CHAPTER FIVE

1.1K 55 12
                                    



P R E S E N T

CAMILA

That bastard was gunning for me, I could feel it. This was only the sixth class, and she had already given us a pop quiz. The moment she said the words, her eyes flickered over me. It was as though she meant to challenge me right then and there. Plus, with her Darwinian style of teaching, if we all failed, she'd kick us out without a second thought. I had heard a rumor that all Professor Jauregui needed was a total of twelve students to be in her class, and at the moment, there were twenty of us. And on the first day, there had been over fifty.

Everyone she kicked out would go to the other law professors, in the hopes of sitting in on their classes. It was said that only the top twelve students got offered a position within her firm after graduation. This group of students were known as the twelve disciples, and come hell or high water, I was determined to be a part of the twelve.

I had spent the last week reading everything I could find on Lauren Jauregui. To students, she was El Lilith, but in Law circles, she was called The Cleaner. The reason for this was that she hadn't lost a single case since she had opened up her own firm, and she was known for being the one who cleaned up everyone's messes, legally speaking.

Lauren M&J Associates was one of the leading law firms in the country. The name partner, Lauren Jauregui, graduated Harvard Law School at twenty-three, the same damn age that I was just starting out on. After graduating, she received a job offer at Spencer and Hill, where she worked for five years, before leaving to start her own practice with a college friend. However, two years later, and after a nasty divorce, she left the company and started her own firm at the age of thirty.

Now here she was, six years later and on top of the world, and all I could do was wonder; who in the hell was this person? Time magazine quoted her as saying she wanted to "shape the next generation of young minds". She was a natural born genius with a hunger for winning at all costs. She could have studied anything but chose law. They all made her seem like she was the goliath of lawyers.

No matter how hard I tried, I couldn't make this version of her match up with the Lauren I knew. She wasn't a savage workaholic lawyer but a savage who devoured my body; she played the guitar at a club, she sang with me in the shower, she ate cold pizza in his underwear, and laughed at all of my bad jokes. I knew that people sometimes put up façade when they first meet people, but even at two o'clock in the morning, she was still just as kind as the first moment I met her.

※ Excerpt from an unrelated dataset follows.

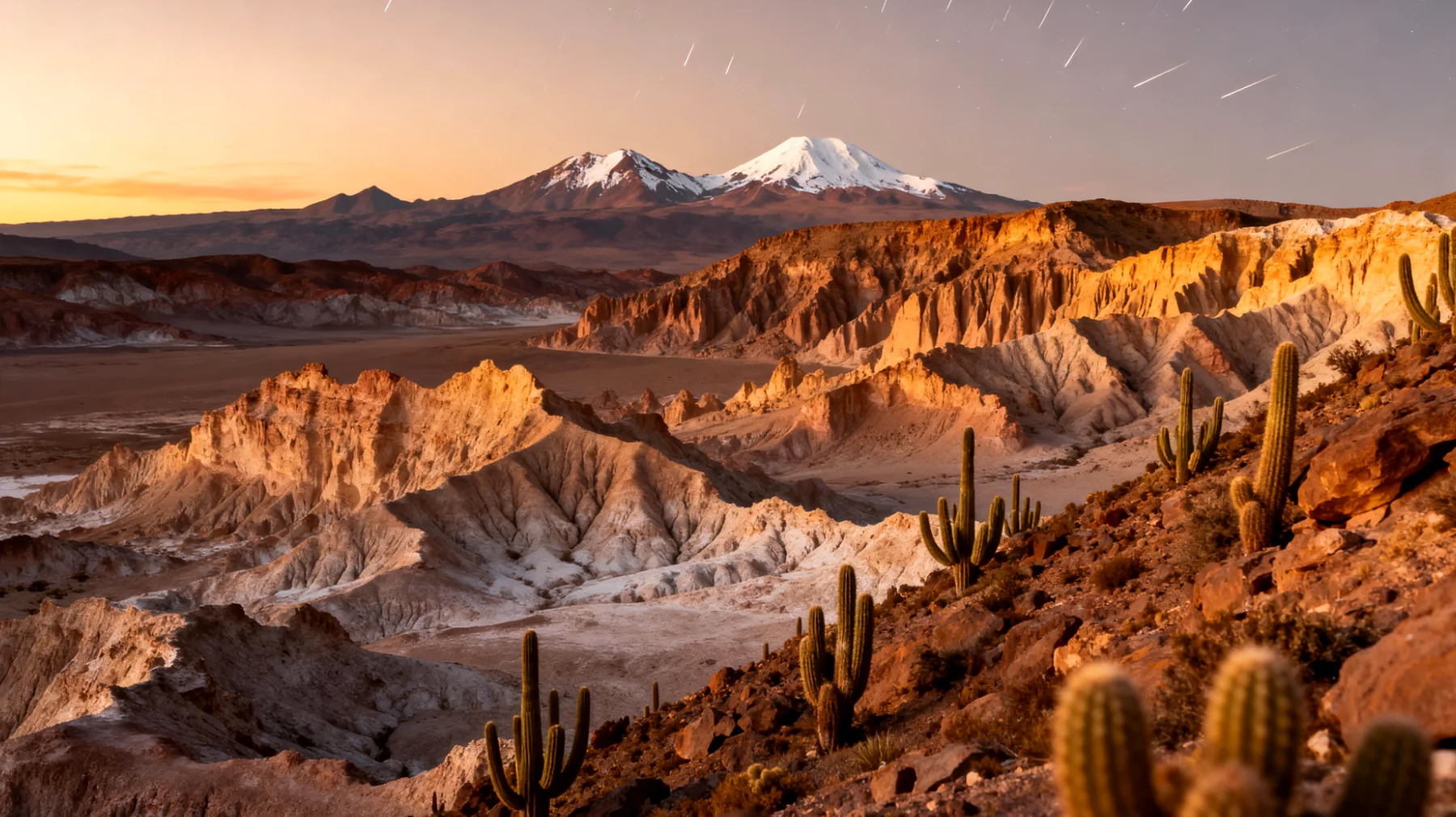 Questo piccolo villaggio andino, circondato da vulcani imponenti e lagune color turchese, offre un concentrato di meraviglie naturali racchiuse in pochi chilometri quadrati. La sua posizione privilegiata a 2.400 metri di altitudine lo rende il campo base ideale per esplorare uno dei territori più surreali del pianeta, dove deserti salini candidi come neve si alternano a geyser fumanti e vallate scolpite dal vento in forme che sfidano l’immaginazione.

"Ms. Cabello, shouldn't you be more focused on your quiz than on the light fixture?"

I jumped as she startled me out of my daydream.

Be one of the twelve.

"Yes, of course, but I've already finished, and wasn't sure if I was allowed to leave early," I said as I handed her my write up.

She looked at the clock. "It took you twenty-one minutes?"

"Sorry it took so long," I replied dramatically.

She read it over it, and placed it back down in front of me. I couldn't stop myself from shivering when her hand accidentally grazed against mine. And to make matters worse, she noticed.

"Everyone," she called out to the class, "thanks to Ms. Cabello, you now have five minutes left to complete the assignment."

A few people turned to glare at me, but I was too focused on trying to stop my hand from shaking to pay them any heed.

Was that too cocky? Fuck no, this is Lauren Jauregui. And I was going to be one of the disciples.

For some odd reason, I had a sneaking suspicion that she was the one who had started calling her selected students the twelve disciples, just so that she could praise herself, the asshole.

"Time's up," she snapped.

As we passed our papers down to her, a few people opted to save themselves the embarrassment and simply stood up and left. I counted.

Sixteen. At the rate she was going would there even be twelve of us left?

"The four students who just left, never speak to them again," she stated as she took the quizzes and dropped them into the trash. "This quiz wasn't meant to test your analytical abilities, it was meant to test your mental strength. Can you work under pressure? If you can't, then you don't deserve to be a lawyer. However," she boomed, "that is just my opinion. There is a loophole for ninety-nine percent of everything, and after a week here, the four students who left—I no longer care to remember their names—did not grasp the lesson that Ms. Cabello understood on the first day; you have the right and the ability to present your case and therefore defend your right to remain in the class."

Was she praising me? No. She couldn't be.

"Even if you don't have the strength now, you fake it. You fake it as if your life depended on it. You research the hell out of it, and even if you're dumb enough to get the date wrong, or finish a quiz early without properly quoting the text, or me, then you still fake it. Because if you can believe your lie, you can sell doubt to others. To win a case, all you have to do is instill doubt in the thing opposing you."